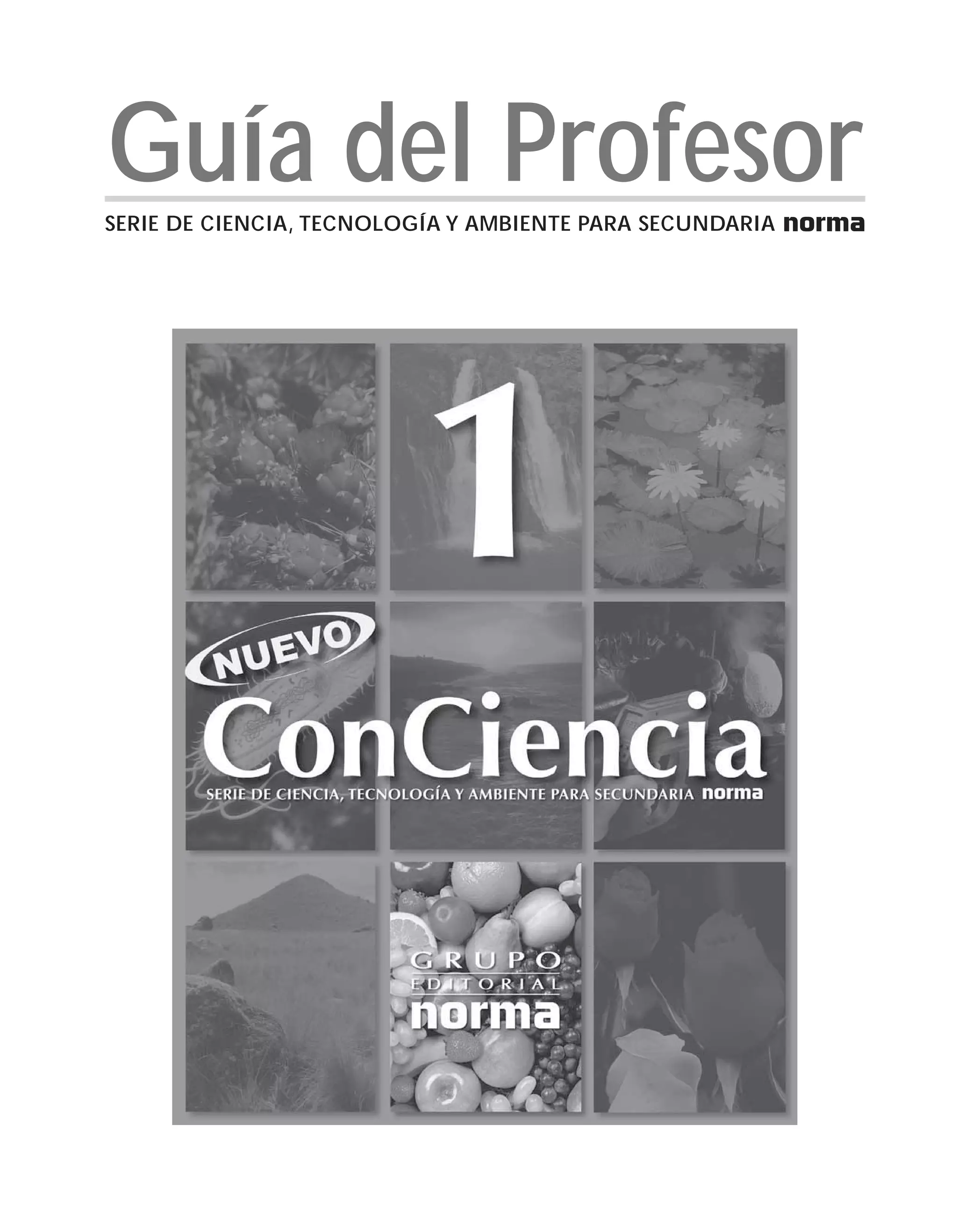 El documento presenta la guía del profesor para la serie de libros Nuevo ConCiencia sobre Ciencia, Tecnología y Ambiente para secundaria. Explica que la serie promueve el desarrollo integral de las personas y su relación con la tecnología y el ambiente mediante el desarrollo de capacidades científicas. Describe también que cada libro contiene 9 unidades con diferentes temas, y que cada unidad sigue un proceso de motivación, construcción de conocimientos, aplicación y evaluación de los mismos.
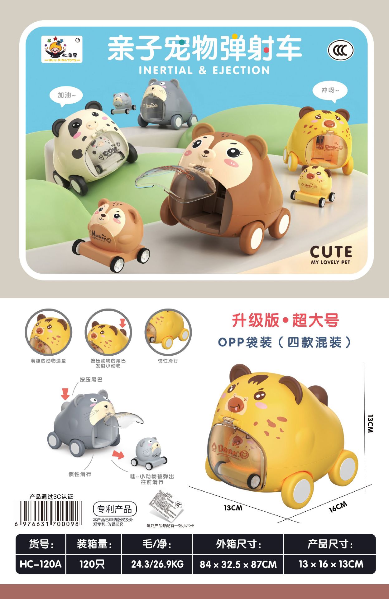 틱톡 인기 어린이 장난감 만화 호랑이 귀여운 애완동물 관성 발사 장난감 자동차 선물 로봇 공급 공장스토어 가기
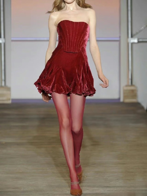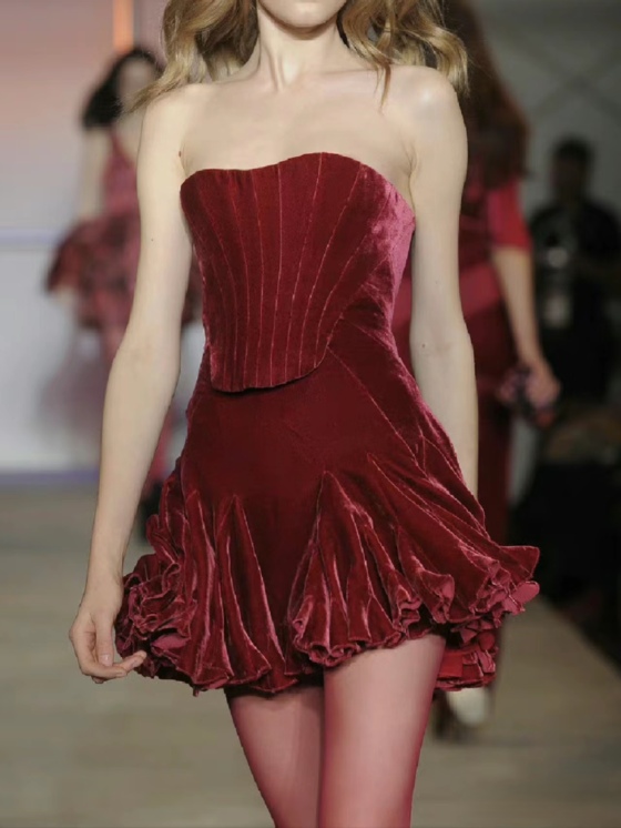 丝绒红裙参考图片(侵删)
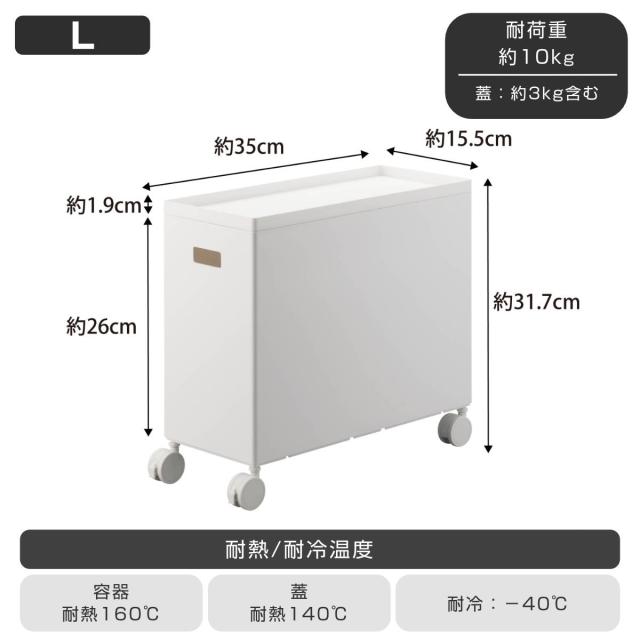 | サイズ | 本体:約 幅15.5×奥行35×高さ31.7(cm)(キャスター含む) 容器:約 幅15×奥行35×高さ26(cm) 蓋:約 幅15×奥行35×高さ1.9(cm) |

### WHAT YOU WILL DO
Give back exactly the lines from the one containing "틱톡 인기 어린이 장난감" through the last line above, both included, and none of the pictures.

### TASK RESULT
 틱톡 인기 어린이 장난감 만화 호랑이 귀여운 애완동물 관성 발사 장난감 자동차 선물 로봇 공급 공장스토어 가기
 丝绒红裙参考图片(侵删)
 | サイズ | 本体:約 幅15.5×奥行35×高さ31.7(cm)(キャスター含む) 容器:約 幅15×奥行35×高さ26(cm) 蓋:約 幅15×奥行35×高さ1.9(cm) |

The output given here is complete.